Using a series of vivid examples from both history and modern day sources, Tufte brings life to what otherwise sounds like a dry subject. He also writes with discipline, always careful to supplement his theories with examples. Lastly, the hardcover itself is solidly designed; the interplay between the figures and the text is pleasant and easy to read. ( )
  jasonli | Dec 9, 2013 |
Wow, is this an excellent book. It helped my presentation of data skills, and beefed up the Power Point approach as well. I abhor presentations, as the facts are what I am after. The ability to marry up prose with data and present, this is an important skill for all today. The nicest surprise was the ability to understand how to maximize color in a presentation of information. ( )

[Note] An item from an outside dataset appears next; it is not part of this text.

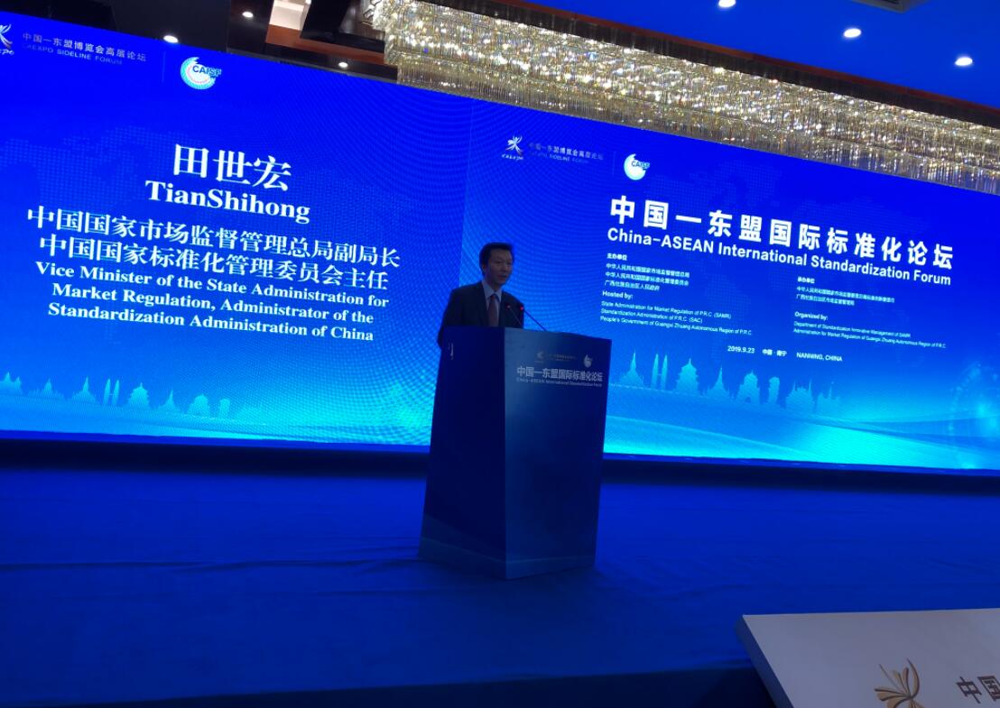 國家市場監督管理總局副局長、國家標準化管理委員會主任田世宏發表主旨演講。他表示,中國將繼續加大與東盟各國在國際標準化方面的交流合作力度,攜手共同參與,推動國際標準化發展。同時,將不斷完善國際標準的制定和實施機制,支持發展中國家更多參與國際標準化活動,加強機制性高層對話和高層互訪,共同推動常態化合作機制建設,開創標準區域合作新局面。

  shdawson | Nov 19, 2012 |
It's been a while since I read anything by Tufte; luckily, this volume lives up to the fond remembrance I have of his earlier works. As with his other books, this work explores various aspects of the visual display of quantitative (or otherwise factual) infomation. More than a style guide, this book seeks to be an archetypal instance of the qualities praised within it - it succeeds with aplomb, and is invaluable to anyone who cares about honest, high-quality visual work. ( )
  gbsallery | Sep 4, 2011 |
The three seminal books by Edward Tufte all address visual information presentation with a focus on accessibility and usefulness. The first addresses presentation of numeric data and different diagramming techniques. The second has a broader scope, including maps and other kinds of information, with a fine discussion of strategies for visual design. The third book is about visual representations of processes, causes and explanations. All three are unusually beautiful and well designed by the author, thus serving as good examples of their own topics.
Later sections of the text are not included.